## THE TASK
Nothing but the lines from the first line of the records through the line with "Laitue, tomate, fromage" should be output, exactly as written and free of pictures.

## GIVEN ENTRIES

□ □ □ □ □

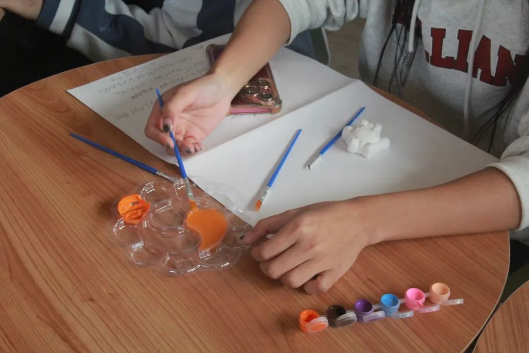 石膏娃娃彩绘活动中,参与者们手持画笔,精心创作,完成后纷纷用镜头记录。整个过程犹如一座心灵之桥,连接起参与者们的心意与情感,加深了彼此的了解与交流。
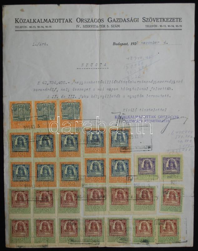 1925 Nyugta Közalkalmazottak Országos Gazdasági Szövetkezete, 29 db il... https://www.darabanth.com/hu/171-Gyorsarveres/171.0/Festmeny-mutargy-papirregiseg-egyeb/Okmanyok~1000028/1925-Nyugta-Kozalkalmazottak-Orszagos-Gazdasagi-Szovetkezete-29-db-illetekbelyeggel~II579311
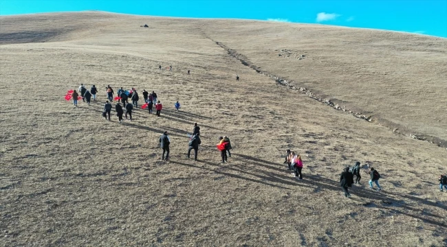 Burada köy sakinlerinden bölge hakkında bilgi alan gençler, Türkiye Dağcılık Federasyonu Kars Temsilcisi Alpay Korkmaz öncülüğünde Ağadeve Dağı'na yürüyüşe geçti.
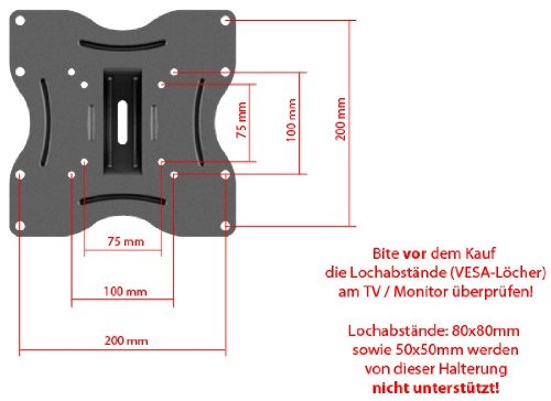Supporto monitor/TV conforme agli standard VESA: 75×75, 100×100, 200×100, 200×200
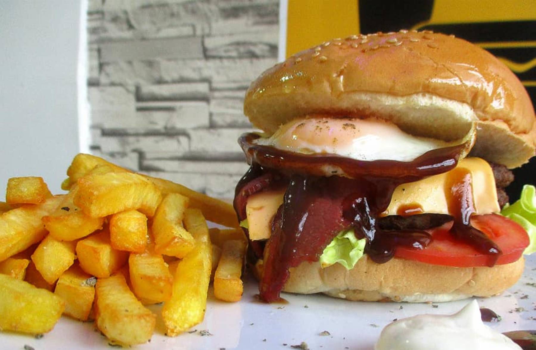 Laitue, tomate, fromage slice, steak de dinde, sauce à l'ail, harissa.
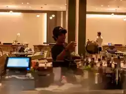 The restaurant is located downstairs in the lobby. It serves breakfast, lunch and dinner.  Another restaurant is near the beach. It serves pizza and seafood. Some days, there are shows at night.
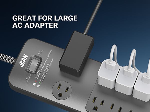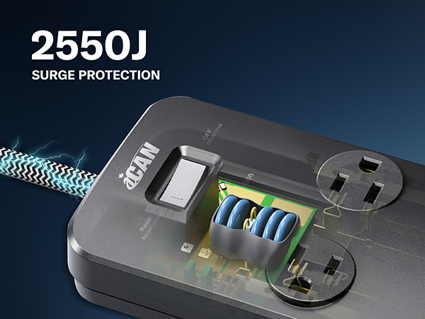 • iCAN 10 Outlets Surge Protector with 2 USB-A and 1 USB-C, 6ft Cord
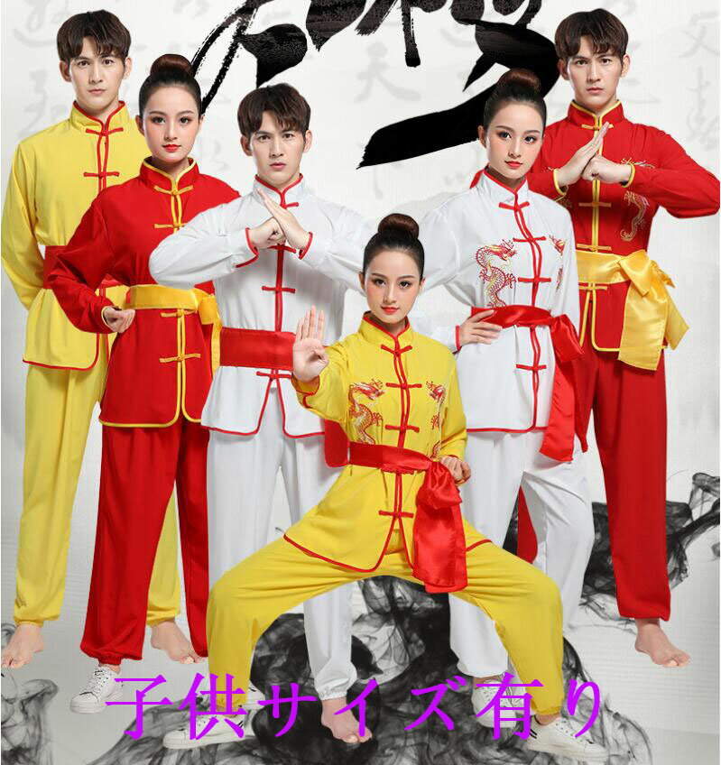 男性 女性 キッズ 男女兼用 ユニセックス 太極拳服 長袖上下2点セット カンフー 武術 表演 練習 衣装 中華風 獅子舞 鼓舞ダンス衣装 ステージ衣装 舞台衣裳 長袖と半袖有
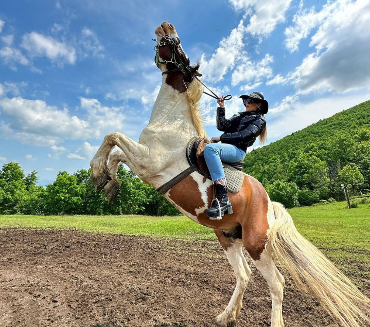 Si një kauboje e vërtetë, aktorja kosovare ka bërë prova akrobatike me kalin e saj. Njëri nga shokët më të afërm të saj ka gjetur kohë për humor me Norën.
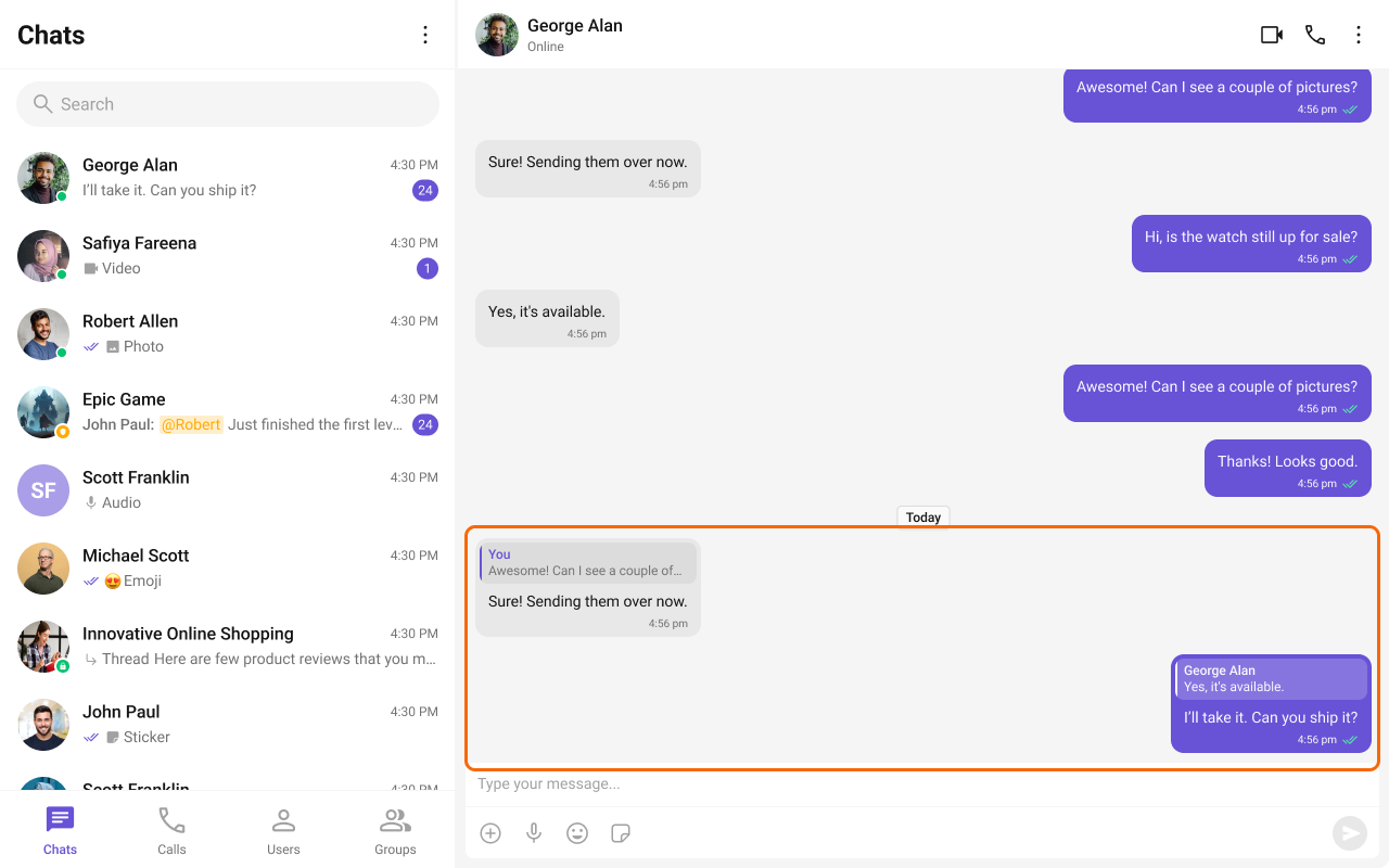 | Message Composer | Message Composer works seamlessly with Quoted Message by showing the quoted reply above the input field, letting users compose their response in proper context. |
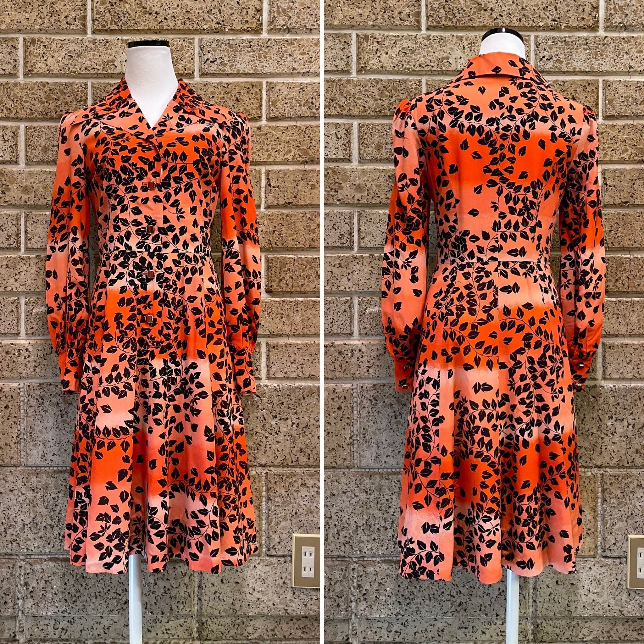 オレンジのグラデーションに黒の葉っぱがシルエットに見え、夕焼けの空を生地にした様なプリント
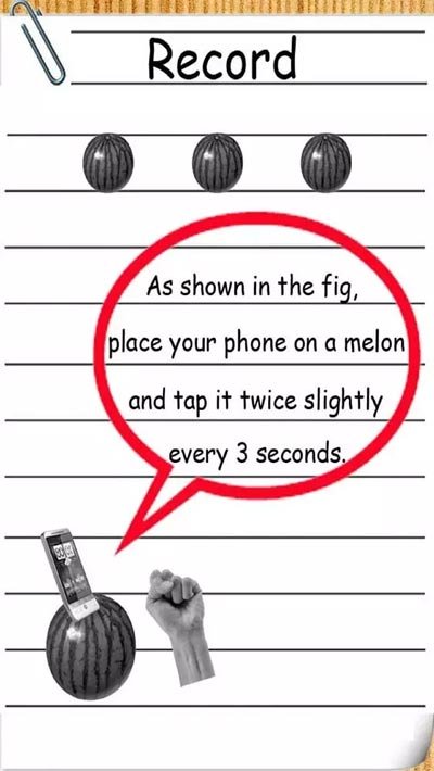 方法就是把手机放在西瓜上,大概以3秒敲两下的频率来敲西瓜,APP就会能告诉你这个西瓜是否成熟。
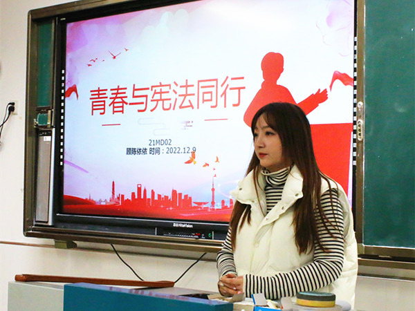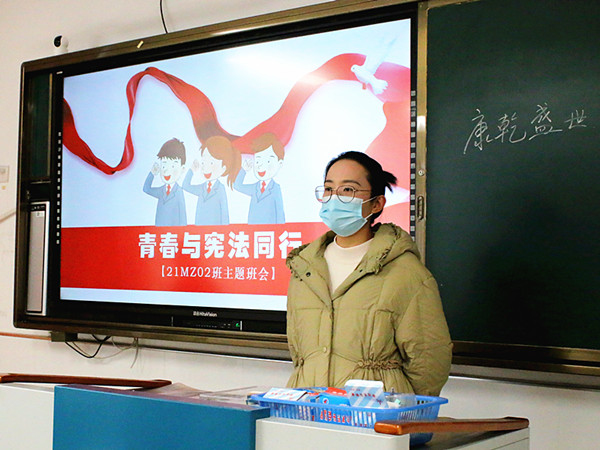 为深入贯彻落实习近平法治思想,进一步弘扬宪法精神,维护宪法权威,增强学生的法治意识和遵纪守法的自觉性,营造尊崇宪法的浓厚氛围,12月9日下午第一课,经贸系组织开展了“青春与宪法同行”主题班会活动。
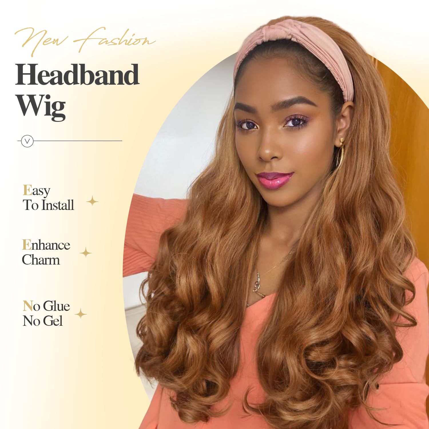- Wig Advantages:New glueless headband wig, designed to show your natural hairline, magic tape design makes it easy to wear, put on and go easily, only 2 minuates! Convenient with no lace and no glue, protect your edges well, different styles according to your mood
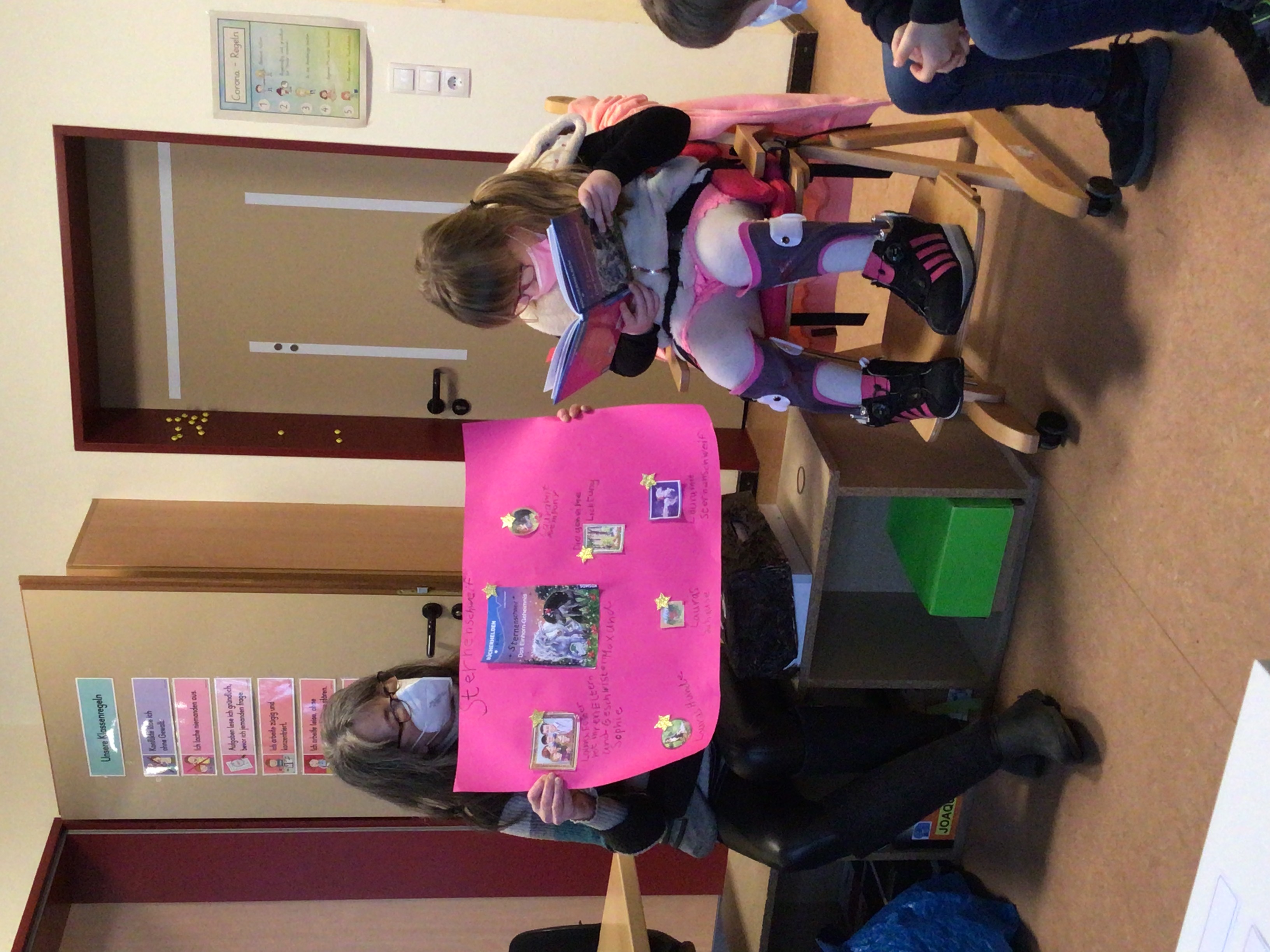 Hier ist ein Mädchen mit ihrer Assistentin zu sehen.
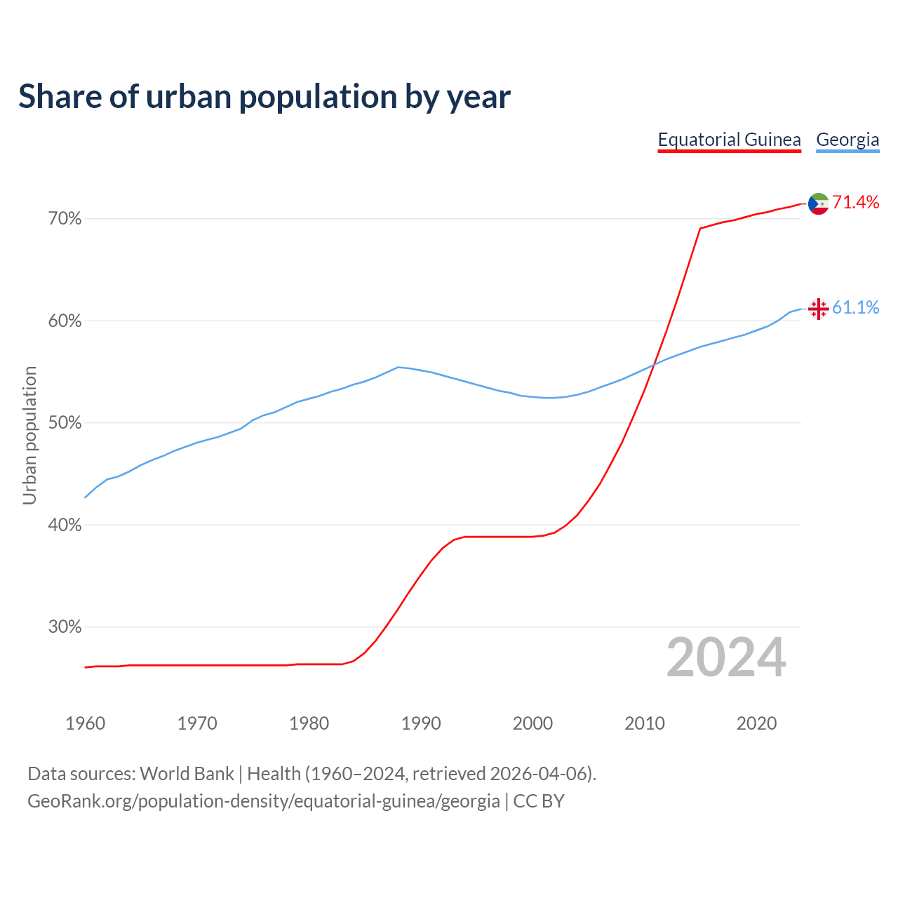 From 2004 to 2024, the share of urban population changed from 40.9% to 71.4% in Equatorial Guinea and from 52.7% to 61.1% in Georgia.

□ □ □ □ □

## WRITTEN ANSWER
 石膏娃娃彩绘活动中,参与者们手持画笔,精心创作,完成后纷纷用镜头记录。整个过程犹如一座心灵之桥,连接起参与者们的心意与情感,加深了彼此的了解与交流。
 1925 Nyugta Közalkalmazottak Országos Gazdasági Szövetkezete, 29 db il... https://www.darabanth.com/hu/171-Gyorsarveres/171.0/Festmeny-mutargy-papirregiseg-egyeb/Okmanyok~1000028/1925-Nyugta-Kozalkalmazottak-Orszagos-Gazdasagi-Szovetkezete-29-db-illetekbelyeggel~II579311
 Burada köy sakinlerinden bölge hakkında bilgi alan gençler, Türkiye Dağcılık Federasyonu Kars Temsilcisi Alpay Korkmaz öncülüğünde Ağadeve Dağı'na yürüyüşe geçti.
Supporto monitor/TV conforme agli standard VESA: 75×75, 100×100, 200×100, 200×200
 Laitue, tomate, fromage slice, steak de dinde, sauce à l'ail, harissa.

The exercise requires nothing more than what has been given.